I’m not saying that God’s plan doesn’t hurt. I’m not saying it’s easy or even pleasant all of the time. But His plan always, always, always includes the spread of His glory.

It’s easy for me to see how God is glorified in Tim’s story, with the loss of his computer and the loss of his daughter. But it’s a lot harder to see how God is glorified in my own life, specifically in my singleness.

I know that God is worthy of all worship and praise, and He will be glorified no matter what. So I get into funks sometimes where I think,

“God, if you would just listen to me and give me what I want, You would be so much more glorified.”

“Sure, I know I’m ministering to single people through this blog or whatever, but think of how much more effective for the Gospel I could be if you gave me a husband to serve beside!”

“I would be living out the story of Christ and His church if you gave me a husband – so what are you waiting for?”
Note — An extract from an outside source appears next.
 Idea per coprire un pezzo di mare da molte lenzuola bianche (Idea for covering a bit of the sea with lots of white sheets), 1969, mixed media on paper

I sometimes forget that God is more interested in glorifying Himself than He is about giving me what I want. It was really hard, actually, for me to conclude that if God needed me to be married in order for Himself to be glorified, then I would be married.

So I must somehow be glorifying Him now by not being married. Somehow, in ways He only knows, I’m serving the purposes of the kingdom of God better right now by being a single woman with a roommate and a career, than I would by being a married woman with a husband and kids.
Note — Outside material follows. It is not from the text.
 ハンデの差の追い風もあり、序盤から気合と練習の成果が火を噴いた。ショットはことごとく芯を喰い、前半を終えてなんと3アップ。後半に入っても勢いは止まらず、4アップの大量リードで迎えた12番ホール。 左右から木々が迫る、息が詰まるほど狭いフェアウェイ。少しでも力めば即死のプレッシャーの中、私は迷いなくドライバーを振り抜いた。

I don’t…I don’t want to think that, you know? I want to think that God is maybe wrong this time – that one day, He’ll realize His mistake and be like, “Oh yeah, sorry, I need to work on getting you that husband now. I’ll get back to you in a couple of months when he’s finished.”

I don’t want to think that my desires are like Mary Magdalene’s – good as far as I can tell, but the worst thing ever as far as God can tell.
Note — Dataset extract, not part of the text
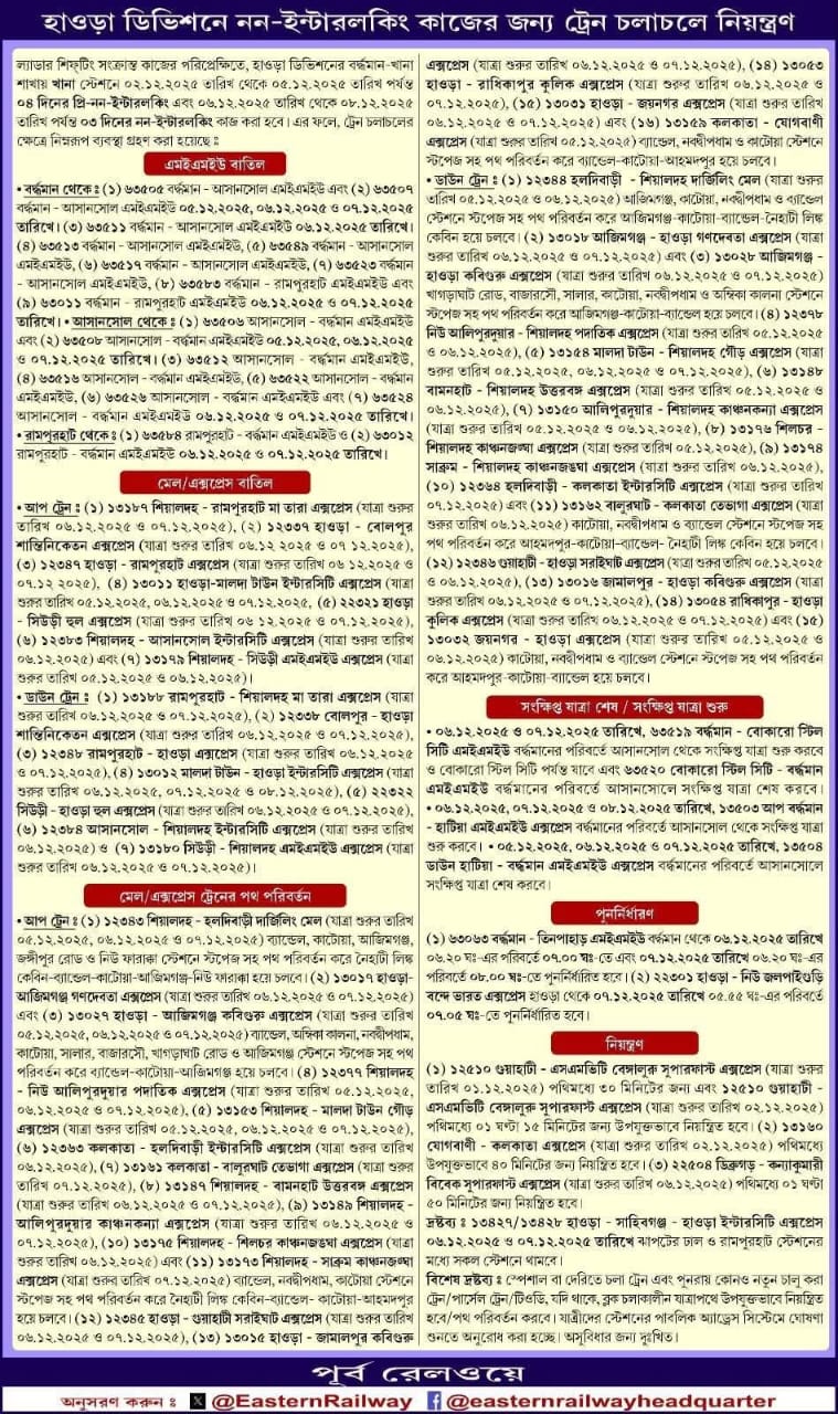 পূর্ব রেলের তরফে জারি করা বিজ্ঞপ্তি অনুযায়ী, ল্যাডার শিফটিং সংক্রান্ত কাজের পরিপ্রেক্ষিতে হাওড়া ডিভিশনের বর্ধমান-খানা শাখায় খানা স্টেশনে আগামী ২ ডিসেম্বর ২০২৫ থেকে ৫ ডিসেম্বর, ২০২৫ অবধি অর্থাৎ টানা চারদিন প্রি নন ইন্টারলকিং এবং আগামী ৬ থেকে ৮ ডিসেম্বর, ২০২৫ অবধি তিনদিনের নন ইন্টারলকিং কাজ করা হবে। এর ফলে বহু মেমু ট্রেন থেকে শুরু করে মেল, এক্সপ্রেস ট্রেন চলাচলের ক্ষেত্রে ব্যবস্থা গ্রহণ করেছে পূর্ব রেল।

While it’s not nice to think of God taking away (or denying) the things that we want to use to bring him glory, it’s really quite nice to think that God had plans to turn our losses (like computers) into gains and our lost dreams (like marriage and children) into something more wonderful/beautiful than we can imagine.

I pray that I’ll know and trust God so well that when I hear His voice, I will worship at His feet instead of arguing about where His dead bones are.